* **Material shown**
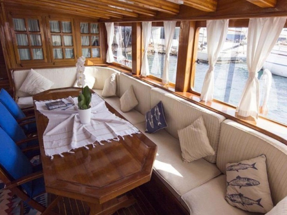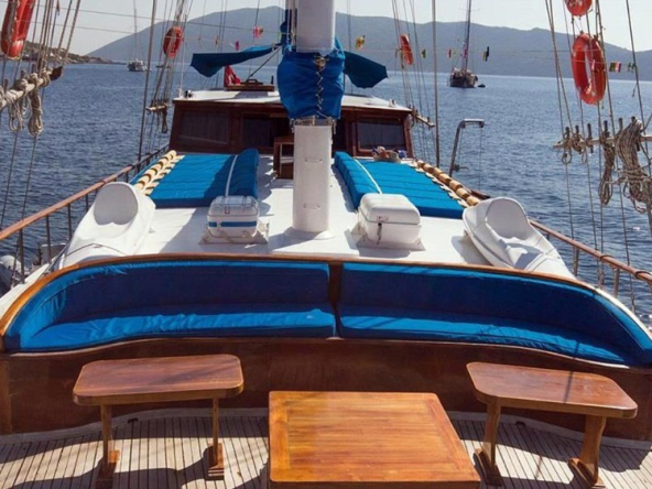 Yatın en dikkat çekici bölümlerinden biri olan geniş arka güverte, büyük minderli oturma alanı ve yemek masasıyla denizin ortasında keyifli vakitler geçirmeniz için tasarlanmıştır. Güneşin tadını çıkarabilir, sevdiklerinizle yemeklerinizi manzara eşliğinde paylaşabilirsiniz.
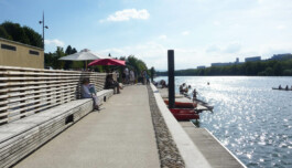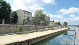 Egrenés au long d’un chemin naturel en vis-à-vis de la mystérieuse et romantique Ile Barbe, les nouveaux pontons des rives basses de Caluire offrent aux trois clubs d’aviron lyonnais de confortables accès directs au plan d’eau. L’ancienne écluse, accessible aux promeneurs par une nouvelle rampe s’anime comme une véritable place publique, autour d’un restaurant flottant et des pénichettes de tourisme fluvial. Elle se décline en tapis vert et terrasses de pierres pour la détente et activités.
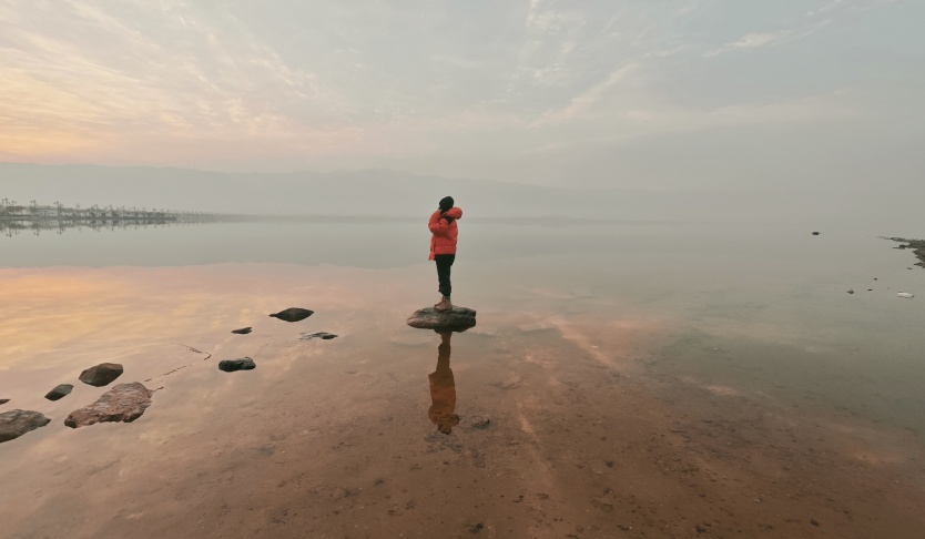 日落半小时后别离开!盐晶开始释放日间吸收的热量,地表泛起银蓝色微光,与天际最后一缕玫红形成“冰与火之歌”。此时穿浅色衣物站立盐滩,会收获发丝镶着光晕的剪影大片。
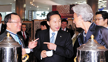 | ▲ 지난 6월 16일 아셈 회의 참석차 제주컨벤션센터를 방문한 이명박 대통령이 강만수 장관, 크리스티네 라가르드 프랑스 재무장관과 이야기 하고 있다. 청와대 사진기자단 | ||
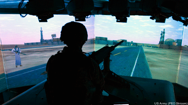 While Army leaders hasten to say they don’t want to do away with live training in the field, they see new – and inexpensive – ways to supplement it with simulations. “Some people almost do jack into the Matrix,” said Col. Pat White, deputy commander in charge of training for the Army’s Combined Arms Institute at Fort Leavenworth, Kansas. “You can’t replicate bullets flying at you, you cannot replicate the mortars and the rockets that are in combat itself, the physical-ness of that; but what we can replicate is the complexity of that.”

* **What the task asks**
Output every record above exactly, leaving out the pictures.

* **Output for this exercise**
 Yatın en dikkat çekici bölümlerinden biri olan geniş arka güverte, büyük minderli oturma alanı ve yemek masasıyla denizin ortasında keyifli vakitler geçirmeniz için tasarlanmıştır. Güneşin tadını çıkarabilir, sevdiklerinizle yemeklerinizi manzara eşliğinde paylaşabilirsiniz.
 Egrenés au long d’un chemin naturel en vis-à-vis de la mystérieuse et romantique Ile Barbe, les nouveaux pontons des rives basses de Caluire offrent aux trois clubs d’aviron lyonnais de confortables accès directs au plan d’eau. L’ancienne écluse, accessible aux promeneurs par une nouvelle rampe s’anime comme une véritable place publique, autour d’un restaurant flottant et des pénichettes de tourisme fluvial. Elle se décline en tapis vert et terrasses de pierres pour la détente et activités.
 日落半小时后别离开!盐晶开始释放日间吸收的热量,地表泛起银蓝色微光,与天际最后一缕玫红形成“冰与火之歌”。此时穿浅色衣物站立盐滩,会收获发丝镶着光晕的剪影大片。
 | ▲ 지난 6월 16일 아셈 회의 참석차 제주컨벤션센터를 방문한 이명박 대통령이 강만수 장관, 크리스티네 라가르드 프랑스 재무장관과 이야기 하고 있다. 청와대 사진기자단 | ||
 While Army leaders hasten to say they don’t want to do away with live training in the field, they see new – and inexpensive – ways to supplement it with simulations. “Some people almost do jack into the Matrix,” said Col. Pat White, deputy commander in charge of training for the Army’s Combined Arms Institute at Fort Leavenworth, Kansas. “You can’t replicate bullets flying at you, you cannot replicate the mortars and the rockets that are in combat itself, the physical-ness of that; but what we can replicate is the complexity of that.”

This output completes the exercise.